Resistance in internal battery, voltage source

Question

I was reading the post Which dissipates more power, a small or big resistor? and DanielSank's reply said

Now, any circuit you would reasonably call a "voltage source" must have a low internal resistance compared to typical load resistances. If it didn't then the voltage across the load would depend on the load resistance, which would mean your source isn't doing a good job of being a fixed voltage source.

If we're connecting a load to the battery, this would be in series.

Ri = 1 Ohms Fixed voltage source at 9V I = V/Ri = 9A

If we add R load in the mix, it is series so the current is the same in the circuit.

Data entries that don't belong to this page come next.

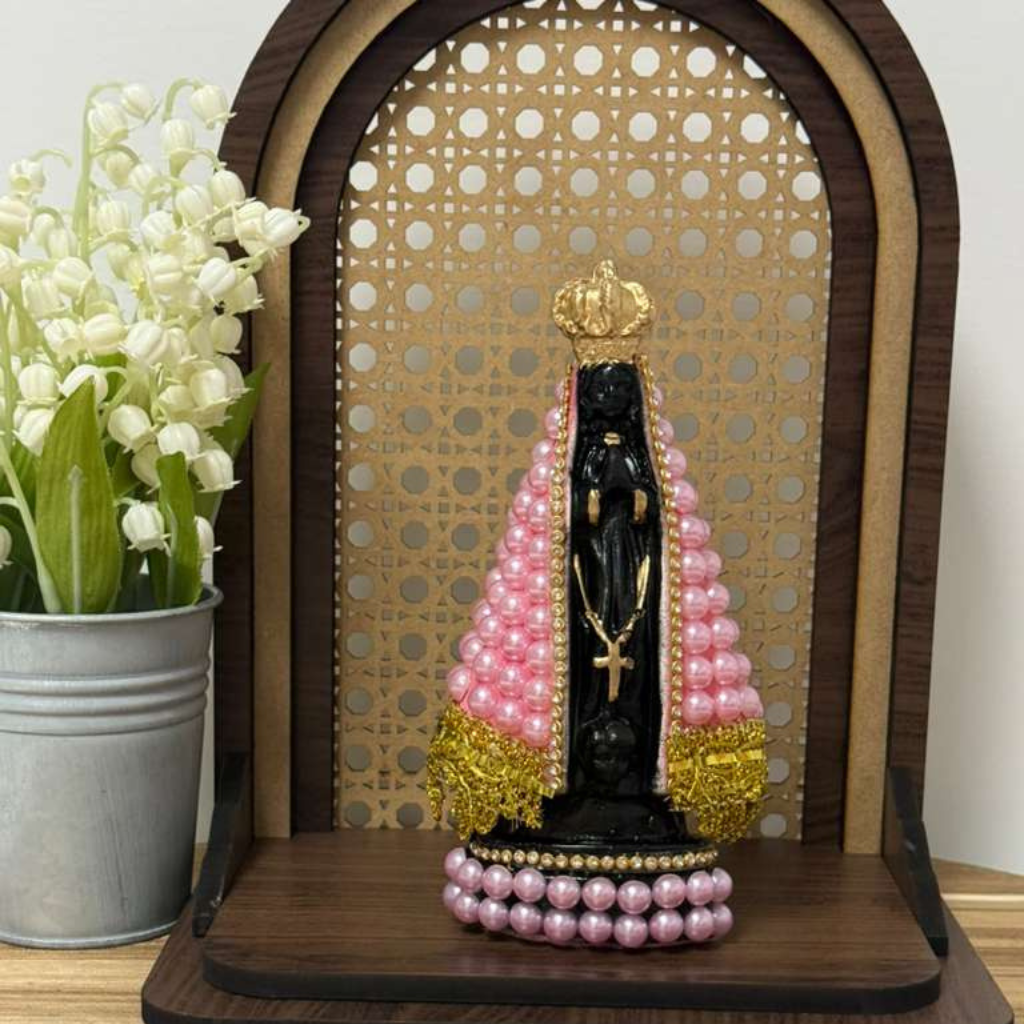Nossa Senhora Aparecida em tom preto com delicados detalhes em pérolas rosa e acabamentos dourados.
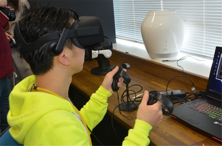 โดยเจ้าอุปกรณ์ Vaqso VR นี้จะมีขนาดเท่าแท่งบาร์ขนมสนี๊กเกอร์ นำไปติดอยู่ที่ส่วนล่างของ VR และสร้างกลิ่นออกมาตามสถานการณ์ต่าง ๆ ในเกมส์ เช่น กลิ่นดินปืนขณะเล่นเกมส์ยิง / กลิ่นอะโลม่าในสถานที่สงบ ๆ หรือแม้แต่กลิ่นแชมพูจากสาวที่ปรากฏตัวตรงหน้า ซึ่งทางผู้พัฒนายังสนใจในกลิ่นต่าง ๆ เช่น กลิ่นไก่ทอด กลิ่นแกงกะหรี่ รวมไปถึงกลิ่นที่น่ารังเกียจ เช่นกลิ่นปลาเน่าในเกมส์ Resident Evil ซึ่งกลิ่นจะแรงหรืออ่อนขึ้นอยู่กับระยะห่างระหว่างตัวผู้เล่นกับวัตถุในเกมส์
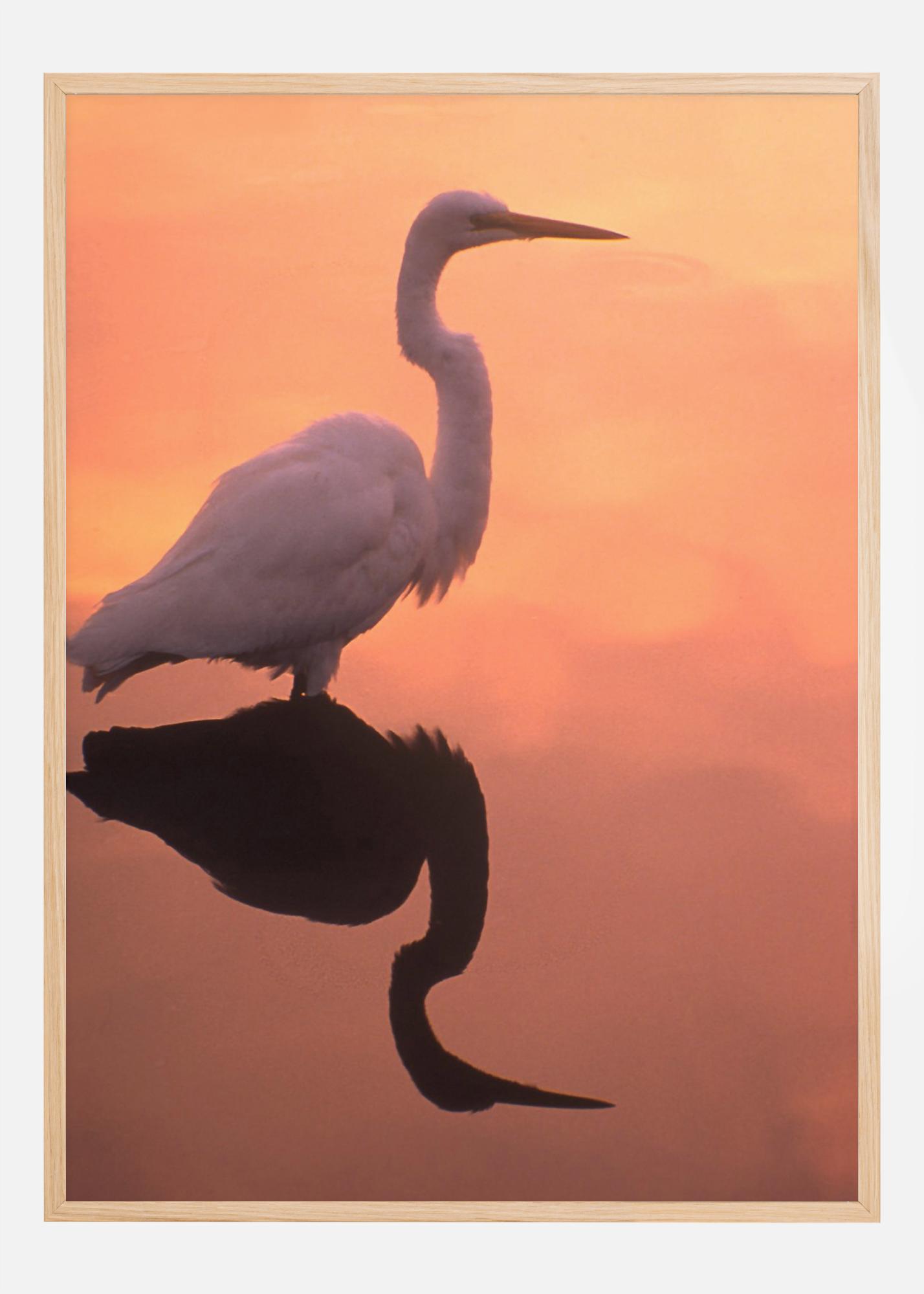 A wildlife poster of a white stork against a stunning orange sky. The simple reflection of the stork in the water sees the sky perfectly mirrored as well. The soft orange and yellow palette is the perfect way to add warmth and peace to your home.

How are we going to get the voltage to be fixed other than R load to be identical or similar values to Ri? Wouldn't the voltage drop between two resistance add up to the total voltage?

Answer 1

If we model the real battery as an ideal voltage source together with an internal resistance $R_i$, and we connect a load resistor $R$ across the battery, the current is $I=\frac{V}{R+R_i}$. This is a voltage divider: the voltage across the load is $V_{load} = IR = V\frac{R}{R+R_i}$.

A good voltage source has low internal resistance (low compared to the load resistor): $R \gg R_i$, in which case $V_{load} \approx V$; the voltage across the load is (approximately) constant and does not depend strongly on the load resistance.

But if the load resistor is comparable to the internal resistance, you have $V_{load} \approx \frac{V}{2}$; the voltage source is not a very good voltage source any more: the voltage across the load will depend strongly on the load resistance.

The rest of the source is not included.